I am a software developer and recently came across this problem when working on a hobby project, and my knowledge of probability is too small to solve this.
I have a bag that contains 5 negative ones, 5 zeros, 10 ones, 5 twos, 5 threes. The tiles are set randomly on a 5 by 5 grid with 5 tiles left in the bag. The threes in the bag also multiply all 8 of the adjacent squares by 2 (A number is multiplied by $2^n$ adjacent 3's). What is the best way to calculate the expected value of the grid for any known bag that can contain a random amount of any numbers? Bonus points if it can handle any size (and rectangular shape) of grid.
Eg.

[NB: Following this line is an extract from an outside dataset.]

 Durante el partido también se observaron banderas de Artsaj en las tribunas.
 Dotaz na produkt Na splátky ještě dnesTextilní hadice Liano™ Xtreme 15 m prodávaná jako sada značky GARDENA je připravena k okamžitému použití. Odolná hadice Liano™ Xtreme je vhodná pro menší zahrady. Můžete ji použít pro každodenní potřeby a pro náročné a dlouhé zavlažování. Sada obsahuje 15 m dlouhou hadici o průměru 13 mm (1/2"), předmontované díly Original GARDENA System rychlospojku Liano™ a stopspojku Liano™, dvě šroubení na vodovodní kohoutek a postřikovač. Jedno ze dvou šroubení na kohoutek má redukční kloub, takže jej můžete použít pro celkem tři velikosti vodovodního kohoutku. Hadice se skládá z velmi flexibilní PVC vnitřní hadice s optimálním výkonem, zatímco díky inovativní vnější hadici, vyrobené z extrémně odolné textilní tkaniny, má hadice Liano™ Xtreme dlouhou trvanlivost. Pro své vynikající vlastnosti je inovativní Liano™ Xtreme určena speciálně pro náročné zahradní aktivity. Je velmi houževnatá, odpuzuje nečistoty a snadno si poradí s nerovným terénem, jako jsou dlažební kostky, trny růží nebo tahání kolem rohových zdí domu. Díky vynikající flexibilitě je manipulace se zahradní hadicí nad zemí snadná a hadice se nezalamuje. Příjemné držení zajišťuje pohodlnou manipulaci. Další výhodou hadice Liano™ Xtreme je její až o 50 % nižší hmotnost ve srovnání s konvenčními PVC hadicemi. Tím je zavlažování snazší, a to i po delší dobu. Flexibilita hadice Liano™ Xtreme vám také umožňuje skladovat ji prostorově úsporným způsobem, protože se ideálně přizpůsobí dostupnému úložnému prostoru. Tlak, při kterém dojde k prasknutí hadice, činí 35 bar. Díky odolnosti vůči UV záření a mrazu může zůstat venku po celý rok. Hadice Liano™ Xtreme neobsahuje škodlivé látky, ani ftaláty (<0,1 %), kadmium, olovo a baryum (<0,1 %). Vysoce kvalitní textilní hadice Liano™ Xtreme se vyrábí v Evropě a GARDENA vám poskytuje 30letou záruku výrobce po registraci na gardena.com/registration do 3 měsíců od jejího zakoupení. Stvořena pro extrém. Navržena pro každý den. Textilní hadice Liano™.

Bag ( 2 1 3 3 3 ), Grid Value: 27
$$\begin{array}{c|c|c|c|c} 3&2&1&-1&1\\ \hline 1&1&0&0&-1\\ \hline 1&0&3&2&2\\ \hline -1&0&-1&2&1\\ \hline 1&-1&1&1&0 \end{array}$$
Without the multiplier, the solution is quite simple:
The number of values in the grid (25) × The sum of all of the numbers in the bag / the number of numbers in the bag. Or $(n * s) / a$
Since they do not interact, the fact they are in a grid does not even matter. For the same reason, it's not that useful for solving this problem, but I thought I would mention it as a start.

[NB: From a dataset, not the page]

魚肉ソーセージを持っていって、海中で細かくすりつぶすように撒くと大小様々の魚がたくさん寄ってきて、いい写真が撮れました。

The simplest approach--in the sense of requiring the least mathematics--is via simulation. You would program random permutations and compute the value of the grid for each one; with sufficiently large samples, the expectation would be reasonably close to the exact value, and you can also get an estimate of the standard deviation of the value.
My code in Mathematica:
This produces $10^6$ simulations and computes the overall mean and variance. Note the following:
An exact calculation would be problematic, since the number of such grids is quite large, even after accounting for symmetries and repeated elements.
The conditional means and variances for each base total ranging from $25$ to $40$ are approximately:
$$\begin{array}{c|cc} \text{base} & \text{mean} & \text{variance} \\ \hline 25 & 25. & 0. \\ 26 & 31.4203 & 4.60442 \\ 27 & 36.0449 & 18.0836 \\ 28 & 40.4705 & 19.7906 \\ 29 & 44.906 & 31.9896 \\ 30 & 49.4376 & 36.9694 \\ 31 & 53.8249 & 47.2579 \\ 32 & 58.3649 & 55.2471 \\ 33 & 62.7921 & 61.3061 \\ 34 & 67.0464 & 69.8355 \\ 35 & 71.4379 & 73.5359 \\ 36 & 75.1243 & 69.9286 \\ 37 & 77.7472 & 68.0978 \\ 38 & 79.9451 & 67.8064 \\ 39 & 82.2345 & 66.5388 \\ 40 & 85.338 & 70.5698 \\ \end{array}$$ This is based on $10^7$ simulations.